I’m using the denoising diffusion library on Github here:
I’m getting the CUDA errors below during sampling(where a random noise image gets sent thru the model) but no error during training, which is odd.
I’ve tried turning off no_grad() during sampling.
I’ve tried with just 1 GPU.
I’ve tried with backends.cudnn = True/False.
GPU Type: Tesla K80
NVidia Driver Version: 470.141.03
CUDA Version: 11.4
Pytorch: 1.12.1+cu113
Traceback (most recent call last):
File "/home/jj/PycharmProjects/pythonProject/train.py", line 34, in <module>
trainer.train()
File "/home/jj/PycharmProjects/pythonProject/venv/lib/python3.10/site-packages/denoising_diffusion_pytorch/denoising_diffusion_pytorch.py", line 872, in train
all_images_list = list(map(lambda n: self.ema.ema_model.sample(batch_size=n), batches))
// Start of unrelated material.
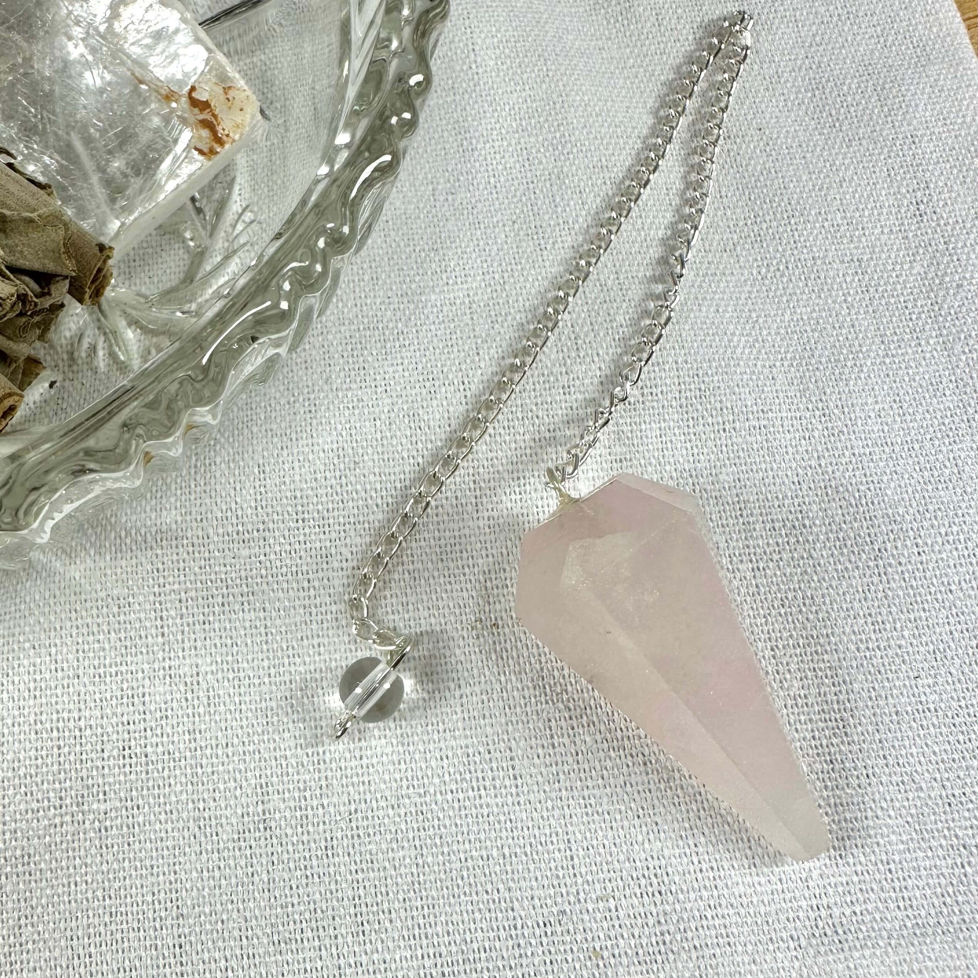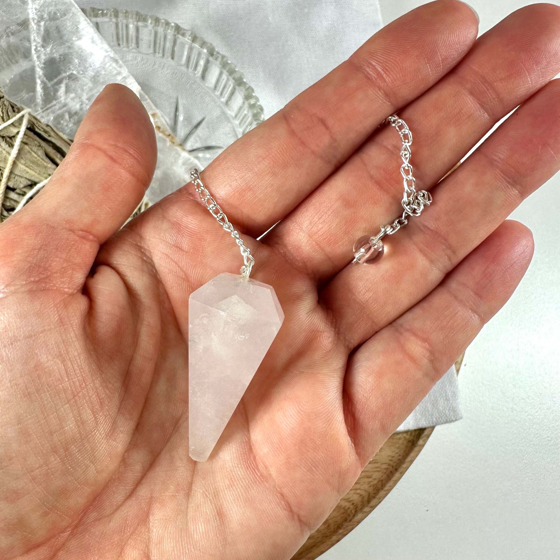 Oplev blid energi med et rosenkvarts pendul, ideelt til at udvikle intuition og til at skabe følelsesmæssig balance.

File "/home/jj/PycharmProjects/pythonProject/venv/lib/python3.10/site-packages/denoising_diffusion_pytorch/denoising_diffusion_pytorch.py", line 872, in <lambda>
all_images_list = list(map(lambda n: self.ema.ema_model.sample(batch_size=n), batches))
File "/home/jj/PycharmProjects/pythonProject/venv/lib/python3.10/site-packages/torch/autograd/grad_mode.py", line 27, in decorate_context
return func(*args, **kwargs)
File "/home/jj/PycharmProjects/pythonProject/venv/lib/python3.10/site-packages/denoising_diffusion_pytorch/denoising_diffusion_pytorch.py", line 614, in sample
return sample_fn((batch_size, channels, image_size, image_size))
File "/home/jj/PycharmProjects/pythonProject/venv/lib/python3.10/site-packages/torch/autograd/grad_mode.py", line 27, in decorate_context
return func(*args, **kwargs)
File "/home/jj/PycharmProjects/pythonProject/venv/lib/python3.10/site-packages/denoising_diffusion_pytorch/denoising_diffusion_pytorch.py", line 588, in ddim_sample
pred_noise, x_start, *_ = self.model_predictions(img, time_cond, self_cond, clip_x_start = clip_denoised)
File "/home/jj/PycharmProjects/pythonProject/venv/lib/python3.10/site-packages/denoising_diffusion_pytorch/denoising_diffusion_pytorch.py", line 524, in model_predictions
model_output = self.model(x, t, x_self_cond)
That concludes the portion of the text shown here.